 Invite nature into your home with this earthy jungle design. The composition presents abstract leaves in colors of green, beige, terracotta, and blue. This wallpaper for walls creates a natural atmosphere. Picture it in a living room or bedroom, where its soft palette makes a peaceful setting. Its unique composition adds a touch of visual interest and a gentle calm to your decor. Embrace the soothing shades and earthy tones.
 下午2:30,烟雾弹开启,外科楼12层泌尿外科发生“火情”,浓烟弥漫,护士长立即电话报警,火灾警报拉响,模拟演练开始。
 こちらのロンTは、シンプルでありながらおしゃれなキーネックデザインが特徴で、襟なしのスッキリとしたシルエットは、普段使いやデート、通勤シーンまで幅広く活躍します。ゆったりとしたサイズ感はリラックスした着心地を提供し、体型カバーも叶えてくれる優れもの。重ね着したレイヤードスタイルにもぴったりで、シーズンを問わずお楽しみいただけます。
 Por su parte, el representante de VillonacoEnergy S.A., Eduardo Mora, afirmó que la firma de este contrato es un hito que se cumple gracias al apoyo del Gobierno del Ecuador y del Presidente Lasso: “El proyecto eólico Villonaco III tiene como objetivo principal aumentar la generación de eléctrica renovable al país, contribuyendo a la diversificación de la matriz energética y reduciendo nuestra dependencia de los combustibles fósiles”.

__WORK REQUIRED__
Taking the listing above, write all of it out exactly.

__TASK RESULT__
 Invite nature into your home with this earthy jungle design. The composition presents abstract leaves in colors of green, beige, terracotta, and blue. This wallpaper for walls creates a natural atmosphere. Picture it in a living room or bedroom, where its soft palette makes a peaceful setting. Its unique composition adds a touch of visual interest and a gentle calm to your decor. Embrace the soothing shades and earthy tones.
 下午2:30,烟雾弹开启,外科楼12层泌尿外科发生“火情”,浓烟弥漫,护士长立即电话报警,火灾警报拉响,模拟演练开始。
 こちらのロンTは、シンプルでありながらおしゃれなキーネックデザインが特徴で、襟なしのスッキリとしたシルエットは、普段使いやデート、通勤シーンまで幅広く活躍します。ゆったりとしたサイズ感はリラックスした着心地を提供し、体型カバーも叶えてくれる優れもの。重ね着したレイヤードスタイルにもぴったりで、シーズンを問わずお楽しみいただけます。
 Por su parte, el representante de VillonacoEnergy S.A., Eduardo Mora, afirmó que la firma de este contrato es un hito que se cumple gracias al apoyo del Gobierno del Ecuador y del Presidente Lasso: “El proyecto eólico Villonaco III tiene como objetivo principal aumentar la generación de eléctrica renovable al país, contribuyendo a la diversificación de la matriz energética y reduciendo nuestra dependencia de los combustibles fósiles”.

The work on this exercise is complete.